October’s mortgage activity reflected that seasonal trend, according to the latest Market Advantage report from Optimal Blue, with total mortgage rate lock volume falling 4% month over month. Purchase rate locks declined 1.5% from September and rate-and-term refinances dipped 14%.
But cash-out refinances rose 6% for the month, which “speaks to the market’s resilience,” according to Mike Vough, head of corporate strategy at Optimal Blue.
“Purchase activity held steady and refinance demand — particularly cash-outs — remained strong,” Vough observed in a press release. “Even after September’s record pace, October delivered another standout month for originations.”
September’s refinance wave was the largest since 2022, with the cash-out refinance share gaining 13% during the month.
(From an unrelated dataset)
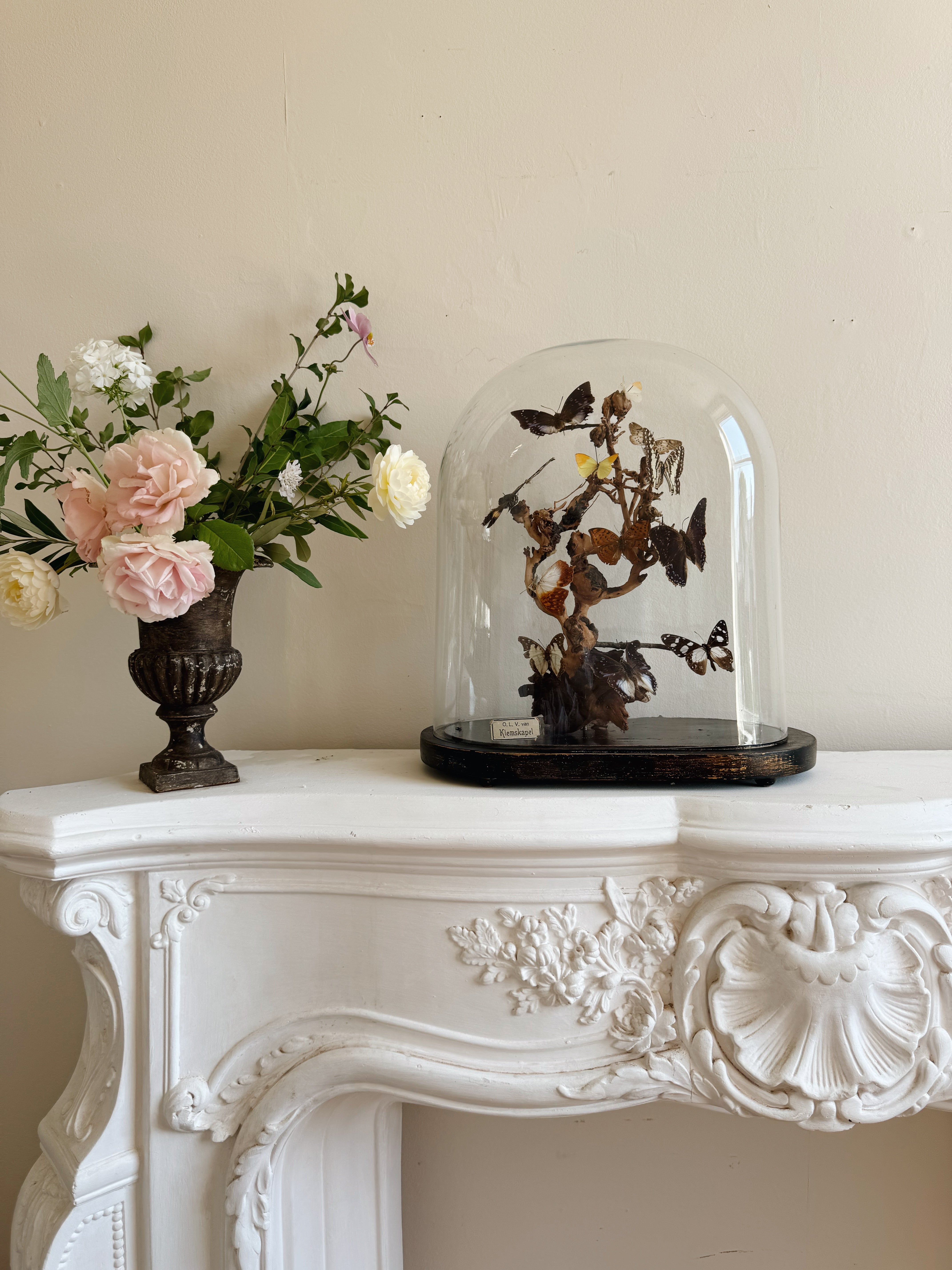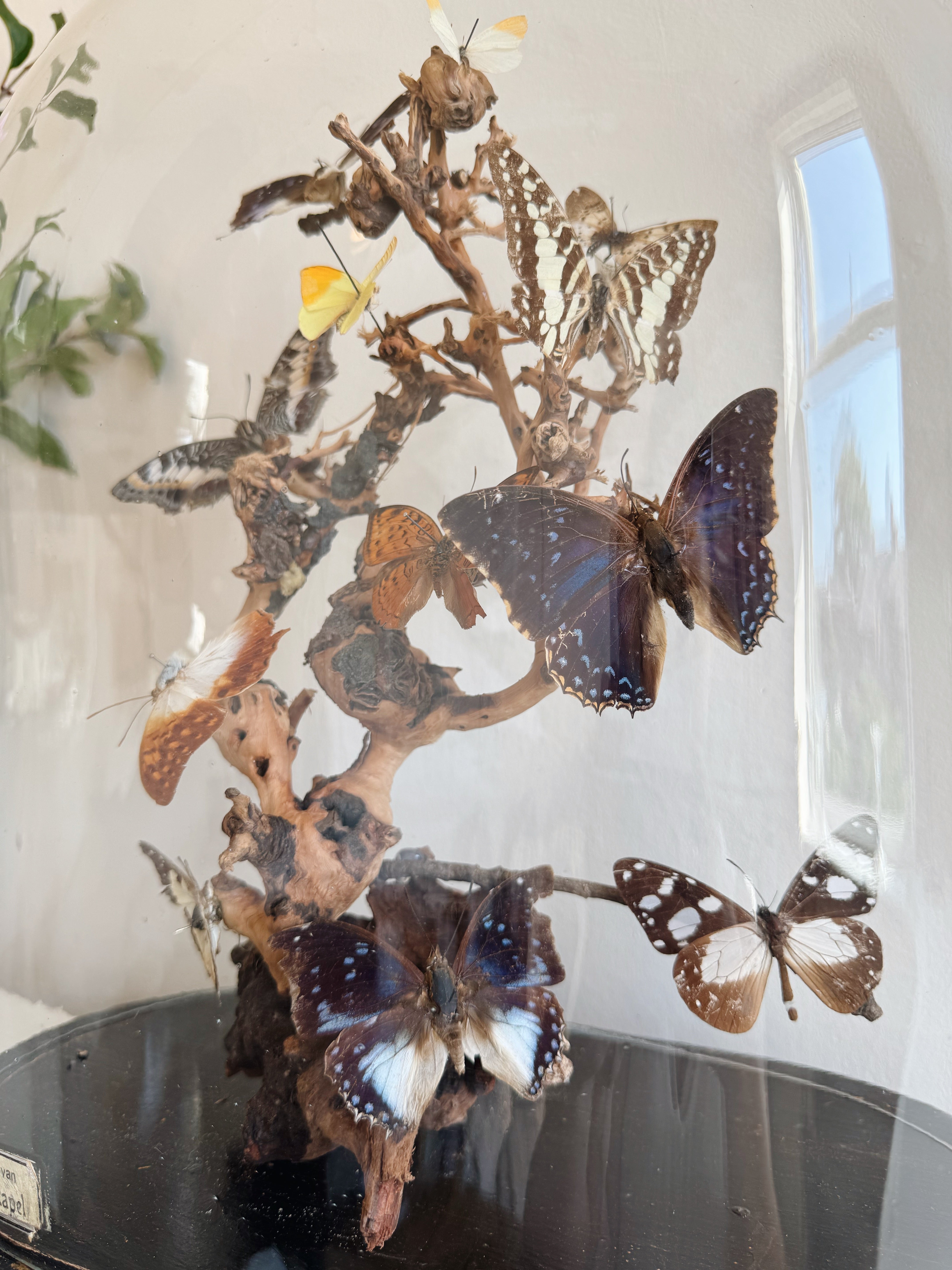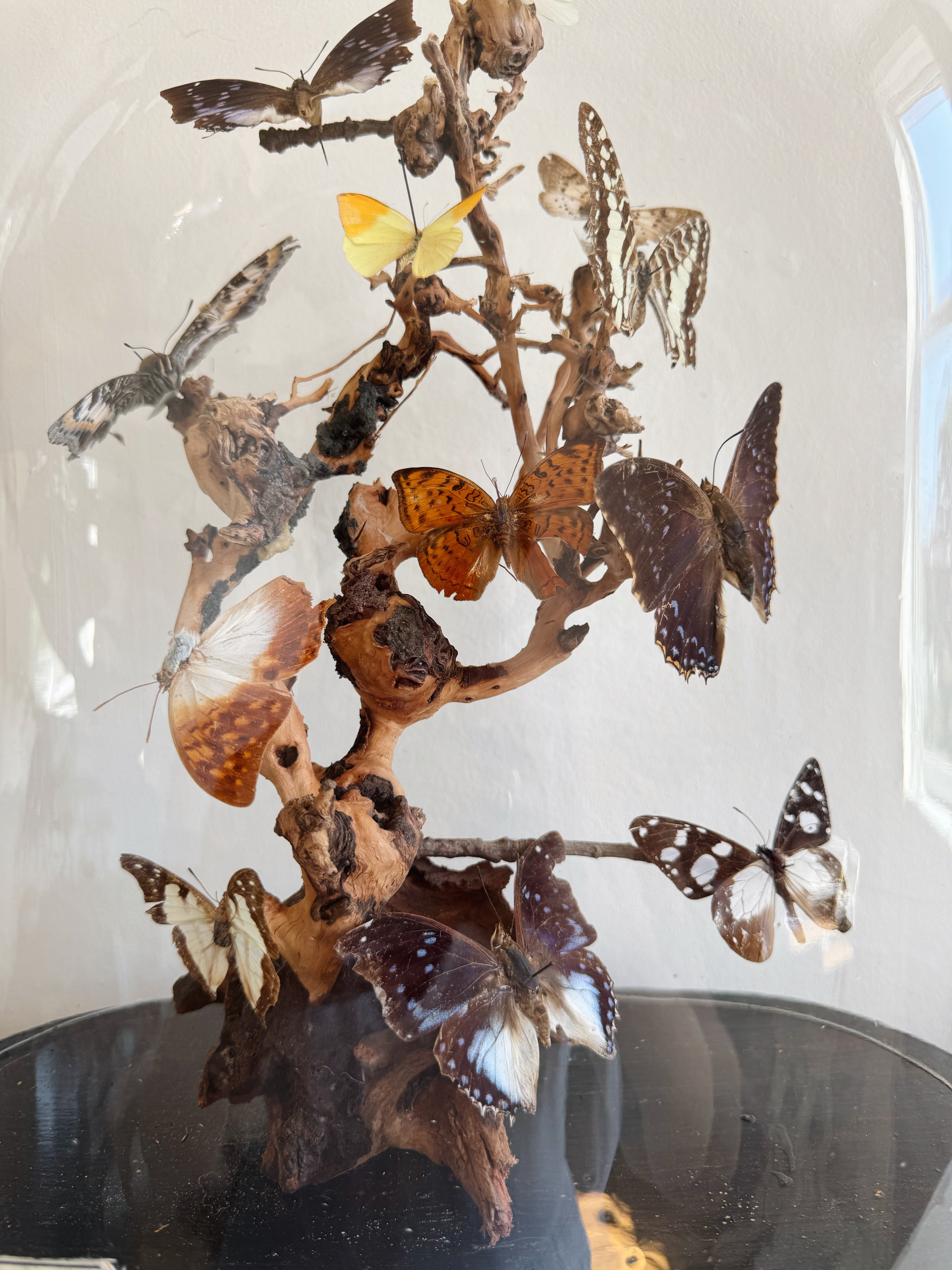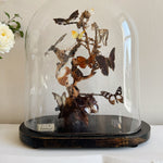 A rare antique butterfly display, housed beneath its original glass dome and mounted on an ebonised wooden base. The arrangement features an array of vividly preserved butterflies in tones of ochre, cream, yellow, and deep indigo, delicately pinned to branches of natural wood to create a sense of movement and flight. Some of the butterfies still bear there hand written specimen label.

Refinances accounted for 37% of mortgage production volume in October, per the Optimal Blue report, which is down 176 basis points from September but up 11.4 points year over year.
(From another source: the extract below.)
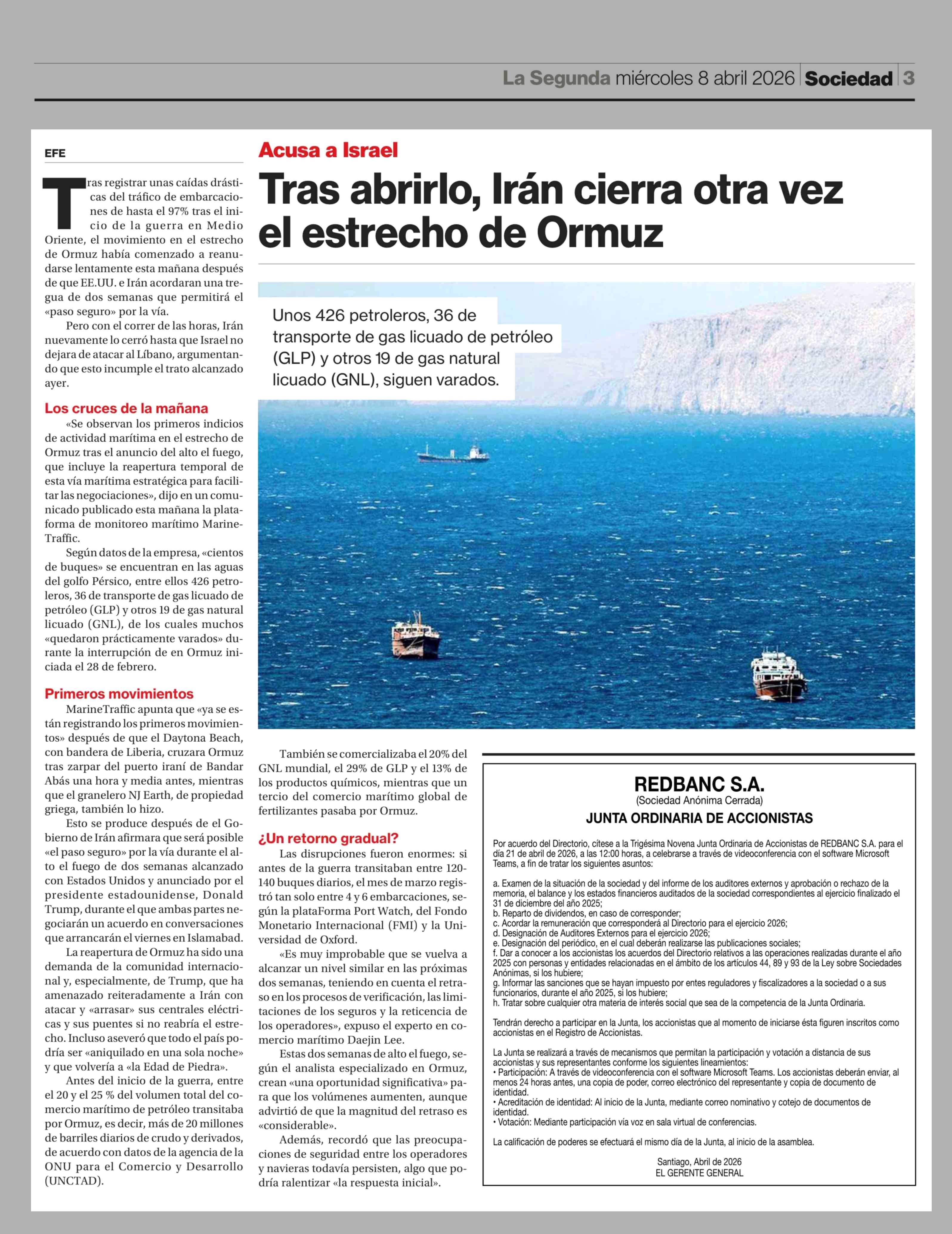 Tras abrirlo, Irán cierra otra vez el estrecho de Ormuz 08-04-2026 La Segunda |

In terms of product mix, loans backed by the Federal Housing Administration and those meeting Fannie Mae’s and Freddie Mac’s conforming limits gained market share, while loans backed by the U.S. Department of Veterans Affairs (VA) lost ground.
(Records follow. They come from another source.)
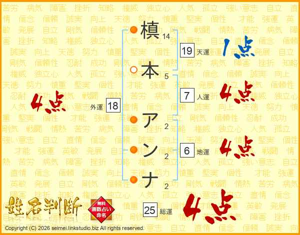 槙(14画)本(5画) ア(2画)ン(2画)ナ(2画)
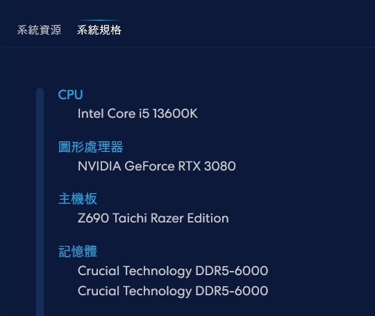 ▼ 進入應用程式的系統規格,也可以看到記憶體為 Crucial Pro DDR5-6000。
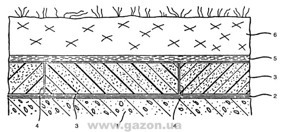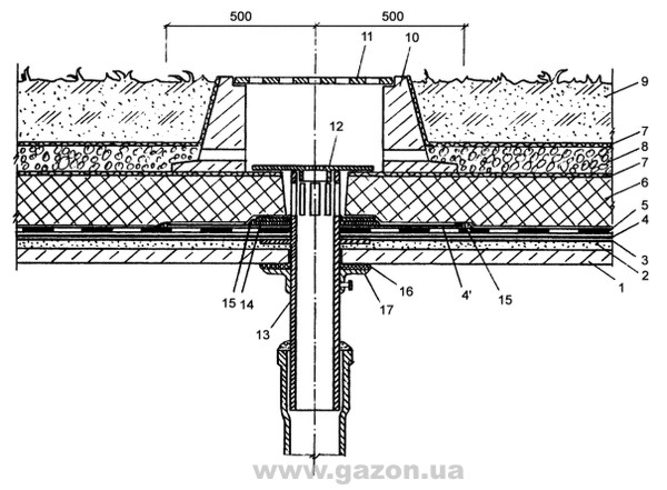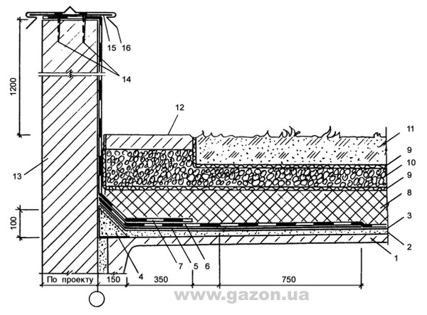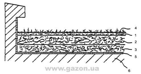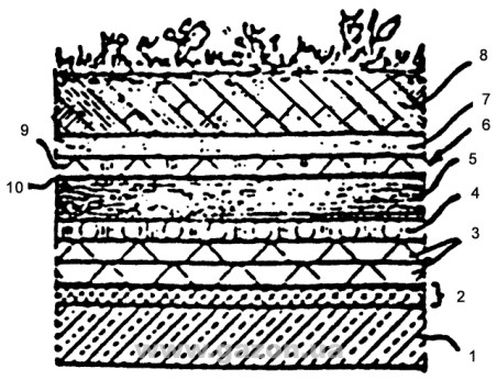 При озеленении плоских крыш предусматривается наличие следующих слоев: изолирующего от прорастания корней, дренирующего слоя, водопроницаемого разделительного слоя и растительного слоя; предусматривается их простейшее устройство при повышенной способности к накоплению влаги. Дренирующий слой составляется из подготовленных плит из комбинированных шлаков со специфической объемной массой 80 - 120 кг/м3. Дренирующий слой покрывается разделительным, представляющим собой подходящие нетканые материалы.
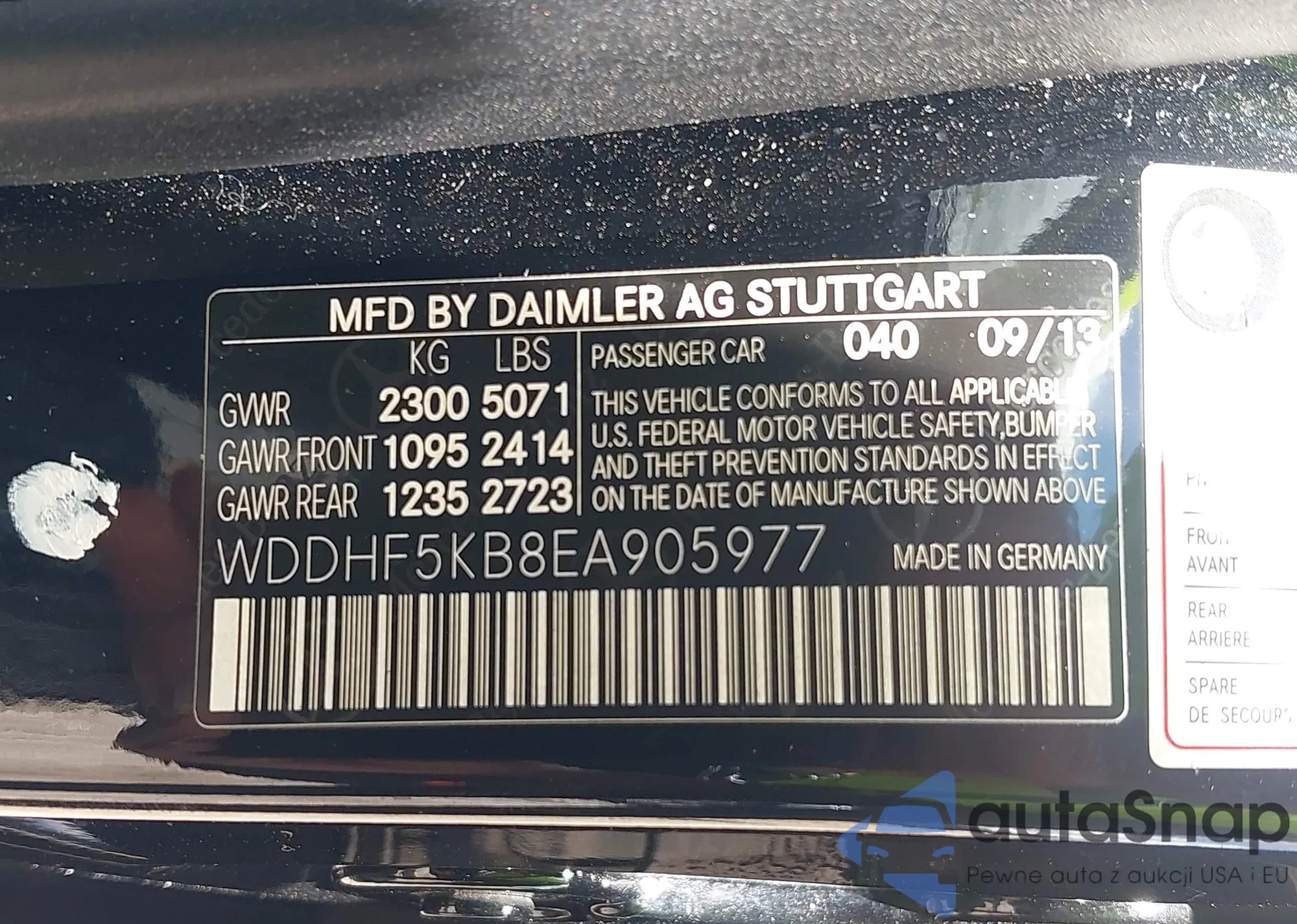 • VIN WAURGAFD8DN012938

Optimal Blue attributed this trend to VA refinance activity reacting faster to interest rate reductions last month, “leading to a front-loading of VA locks in September.”
Non-qualified mortgage (non-QM) volume accounted for just shy of 8% of total originations, an improvement from September but still behind August’s record 8.34% mark.
Drilling into the non-QM mix, bank statement loans accounted for 34.8% of non-QM rate locks in October, up from 33.1% in September. Debt-service coverage ratio (DSCR) loans also rose in October to a 29.2% share from 28.2% the prior month.
In the non-QM secondary market, the report noted that lenders “continued to strengthen execution strategies” during October.
Agency mortgage-backed security (MBS) executions rose to 46% of hedged loan sales in October from 42% in September, while sales to aggregators and the Fannie and Freddie cash window fell by 100 basis points and 200 basis points, respectively.
“October’s secondary market data reflected clear strength in execution,” Vough noted. “Lenders leaned further into MBS sales and maintained access to top-tier pricing, signaling disciplined hedging and growing investor confidence.”